Considering the successes of the wars on alcohol, poverty, drugs and
terror, I think we should give some serious thought to declaring war
on peace.
Andreas Ericsson
2013-08-08 15:52:22 UTC
Permalink
Post by Andreas Ericsson
Post by Ton Voon
Hi!
http://www.opsview.com/whats-new/blog/opsview-patches-nagios-4
We'd be happy if you could review if these are acceptable for
future inclusion or if anyone else finds them useful.
I'd like to get patches with commit messages and proper author and
signed-off-by info. Since we're using git for Nagios now, it'd go a
long way in making sure everyone gets credit for the work they've
done.
The patches also need to apply cleanly to the latest master.
You may want to clone the official Nagios repo, apply your patches
on top of it and then send me a pull request for github or some
such.
git clone git://git.code.sf.net/p/nagios/nagios nagios-core
should get you the very latest. If you apply your patches on top
of 'master' and make sure to always do "git pull --rebase" when you
want to get the latest and greatest you'll quickly see which
patches either have been applied or which no longer *can* be
applied. Then you can create a separate repository on github or
some such and push the changes there.
OK, we'll convert them into git changes based off master.
However....
I'd like an assurance that the changes will be merged before we
promise to convert. Style changes are fine, won't take much time and
will not require retesting, but if we need to refactor object changes
or make larger changes to logic, this will require retesting on our
side. I'd like a reassurance that the time invested will result in a
merge upstream, otherwise we're just wasting time for all of us.
For instance, your assistance in the "environment macros per-command"
was greatly appreciated and we've coded to the design agreed in the
email conversations, but it hasn't been merged yet.
It has, but it hasn't. The original patch no longer applies, due to
extensive remodeling of the worker code. I still have it hanging
around though, and I'm fairly inclined towards using it for services
and hosts as well, so that environment macros can be set on a service
level as well as on a command level. I've also been investigating the
chances of doing this without resorting to setenv() (in essence,
building a one-off block of the load-time environment macros, and then
extending that whenever we hit an environment variable).

But yea, I've got that one already.
So I'd like to reverse the question and ask "which changes are most
likely to be accepted, based on the amount of changes required" and
we'll work through that list in order.
Thread-safe calls
It's harmless, and I'd apply it straight away if I had a sensible
commit message for it, but I don't know why you need this so I can't
really write one. While we're on the topic; Please write commit
messages in imperative form and present tense, as if you're giving
orders to the code for how it should change. Also give a short
rationale for why it should change that way. The rules about not
commenting out code you want to get rid of still applies though.
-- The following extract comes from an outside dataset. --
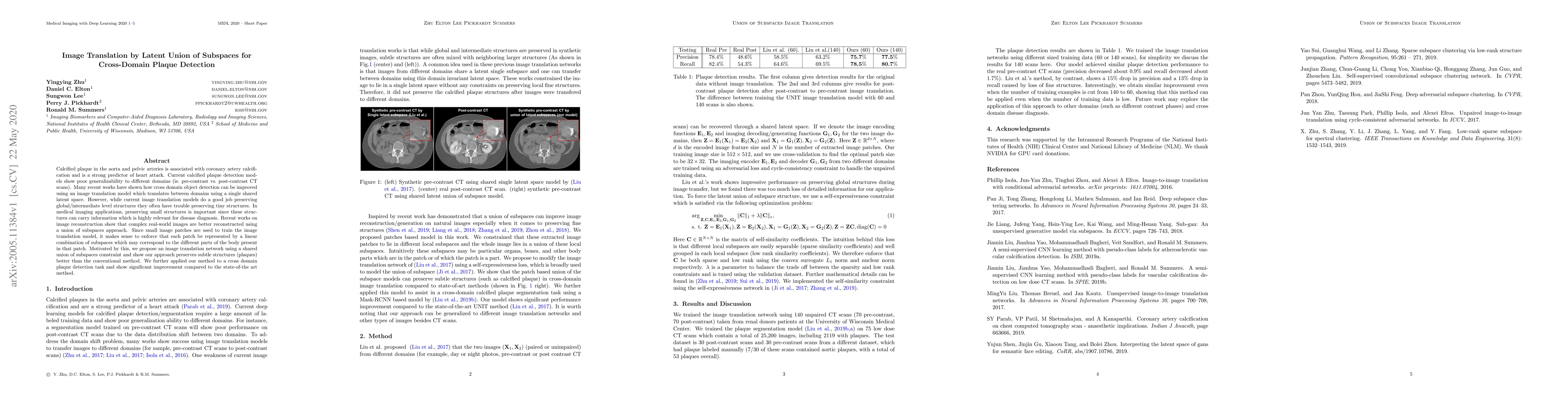 This paper proposes an image translation network using a shared latent union of subspaces to improve the detection of calcified plaques in medical imaging across different domains. The method better preserves small structures like plaques compared to conventional approaches, leading to significant improvements in cross-domain plaque detection.

It
just looks terribly hackish when patches meant for upstream contains
things like that.


Slice services within hosts
So long as it's configurable from cgi.cfg and the default stays the
same as it is today I'll apply it immediately. It has no impact on
loadable modules or other headaches, so that's a nobrainer, really.


Check command by time period
I feel this is somewhat lacking in efficiency and flexibility, and
a much cleaner solution would be to add a filtering functionality to
NERD so that checkresults can be shipped off to a third-party addon
which can transform checkresults and plugin output as much as it
likes.
Failing that (which would be enormously cool but also a lot of work),
I think it would most likely be best off as a separate module, with
custom variables or separate configuration to support it. Supporting
patches to run events when a timeperiod becomes active or inactive
would still be welcome, obviously.


Escalation via notification levels
This is best off written as a module, using custom variables to
configure it. If core support is required to block notifications to a
particular contact, then such patches will naturally be accepted. The
normal NEBCALLBACK_CANCEL return code signalling should work just fine
for that.


Synchronising state data
Pretty invasive for quite a small benefit, and with enormous
complexities to deal with to make this work properly. How do you
handle reading the synced file while checks are in-flight and
awaiting being returned to the mothership? They may have been
spawned as a result of a bad checkresult on one node, but if the
sync status returns them to OK and the in-flight result sets them
as bad again, would that mean starting over on the retry-attempts?
I see nothing in the patch that handles situations like that, so
I'm forced to believe you haven't considered it. Considering the
fact that full reloads now take less than a second for your
recommended 250 hosts per system, I'm inclined to drop this patch
in favour of the regular retention data file unless you can
persuade me otherwise.


Dependency failure states
The patch is a bit hackish in that it internally submits a passive
check to make sure everything gets updated. That's not entirely
accurate though, and will cause statistical errors.
Rewrite it to just update the states as necessary and make sure
notifications and whatnot are sent if they should be.
That will also fix the problem of bugging out performance data
handling routines that expect to always get the same kind of data
from each check every time.
It will have to be configurable though. I'm thinking
"service_dependency_exec_fail_state=(warning,critical,unknown)"
and "service_dependency_exec_fail_output=Dependency failure".
I'd be all for changing the default, but for now the exec_fail_state
thing will have to be -1, meaning "leave it as-is", and I'll make
it default to UNKNOWN after 4.0 is released.
The same should go for service parents, btw.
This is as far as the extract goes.